Before an appropriate model can be used as a predictive or problem-solving device for the area of interest, it must be "calibrated" by using data from the physical system to be simulated. The two primary objectives of calibration are 1) to adjust the model's input data (such as aquifer properties, sources and sinks, boundary, and initial conditions) to best approximate the physical system and screen erroneous data; and 2) to determine the sensitivity of the model to the input variables (Huntoon, 1974). In practice, the calibration of a ground- water model is frequently accomplished through a trial-and-error adjustment of the model's input data to modify the model's output. Because a large number of related factors affect the output, this may become a highly subjective procedure. Recent advances in parameter estimation procedures (Seinfeld and Lapidus, 1974) help eliminate some of the subjectivity in model calibration.

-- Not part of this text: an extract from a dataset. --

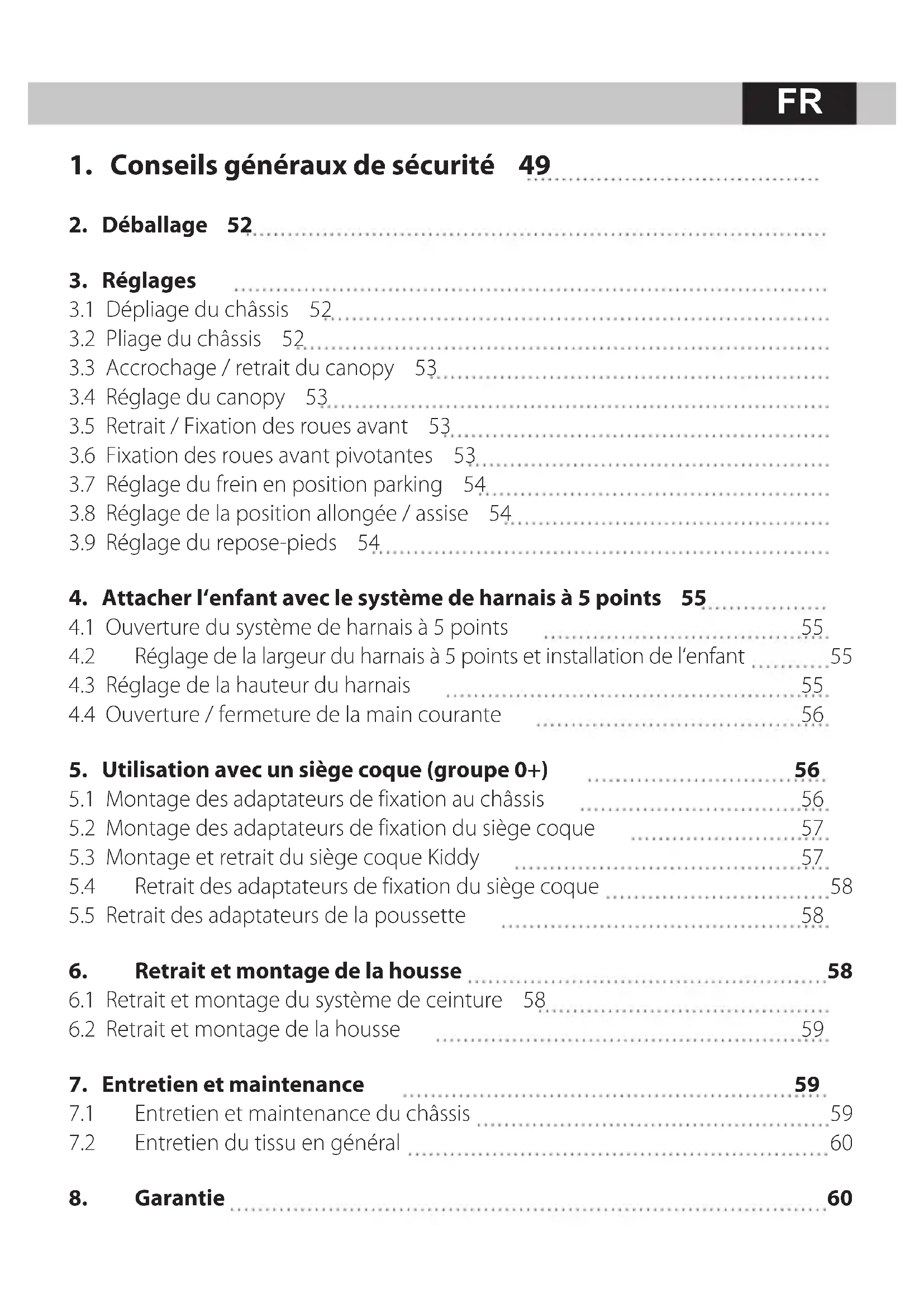 7.2 Entretien du tissu en général 60
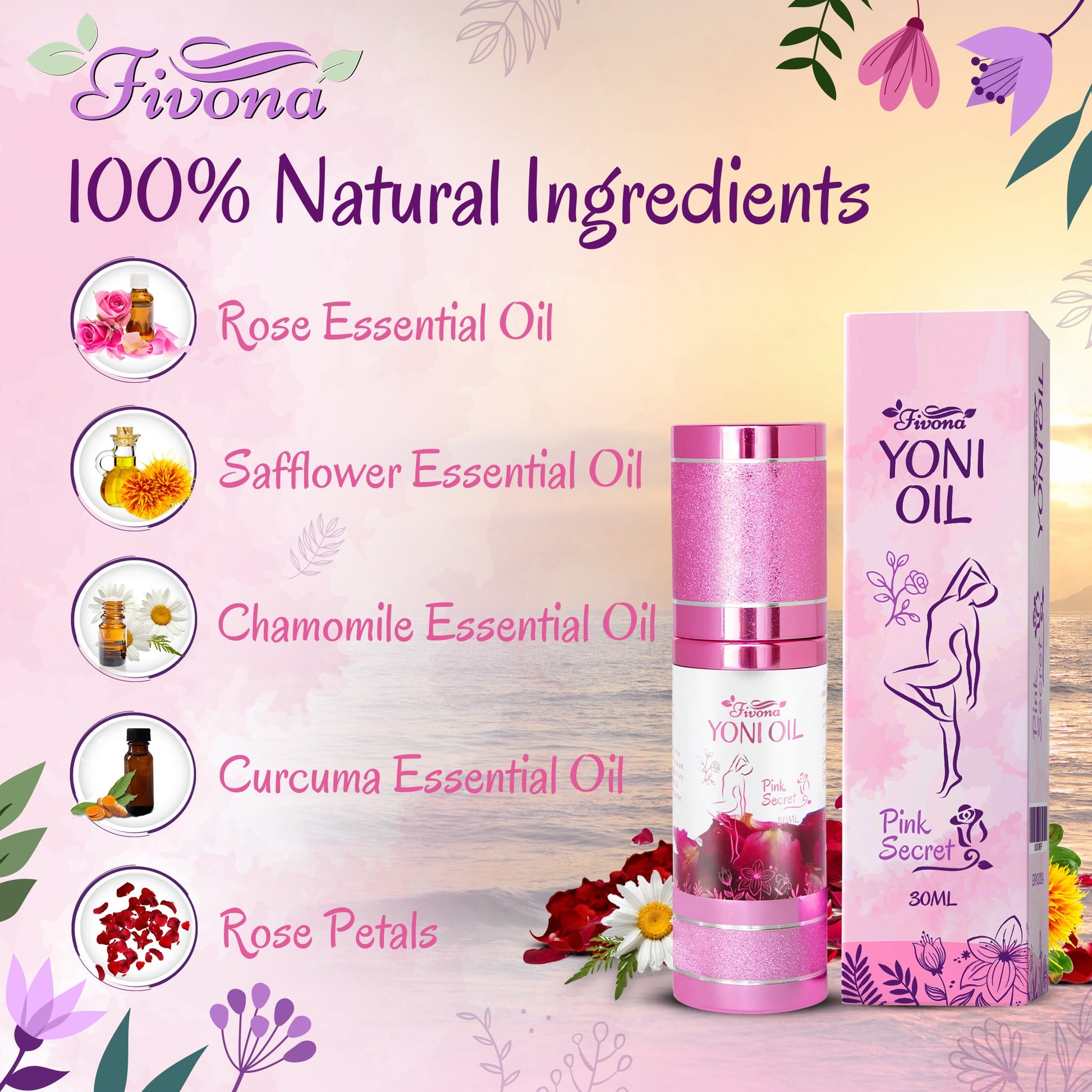 Fivona Yoni Oil Pink Secret for Soothing Feminine Care - Pleasure Blend of Essential Oils - Moisturizing Oil Blend for Odor Control, Detox and PH Balance 30ml

The application of a computer model requires that certain terms be known for each node. These include the elevation of the base of the aquifer, initial water-table elevation, net withdrawal values, hydraulic conductivity, and storativity. Elevation of aquifer base and initial water-table may be obtained using physical measurements for each node. The values of hydraulic conductivity and storativity as well as net withdrawal values are much harder to determine. Many methods have been developed to determine values for the aquifer parameters but most of these provide estimates for only a relatively small area.

Parameter estimation procedures provide a tool for determining aquifer parameters for a set of points in an aquifer by treating initial estimates of those parameters as terms to be adjusted on the basis of some criterion of "goodness of fit." The key point in the adjustment of parameters is the determination of the computer-model sensitivity to changes of the parameters. The sensitivity is indicated by the extent the simulated water levels react to a change in an aquifer parameter. A change in the simulated water level will occur not only for the node at which the change in the parameter occurred, but also for the water level of the surrounding nodes. A change in a parameter for any one node will affect the head of all other nodes in the system.

Parameter Adjustment Procedure

The procedure used for adjusting the aquifer parameters is the method of steepest descent, also known as the method of gradients (Knowles and others, 1972). This procedure obtains the minimum of a function by determining the changes of the independent parameters that will result in the greatest rate of reduction of the function. The function to be minimized is the difference between the simulated and measured water levels. The independent parameters are the hydraulic conductivity, storativity and net withdrawal rates or fluxes.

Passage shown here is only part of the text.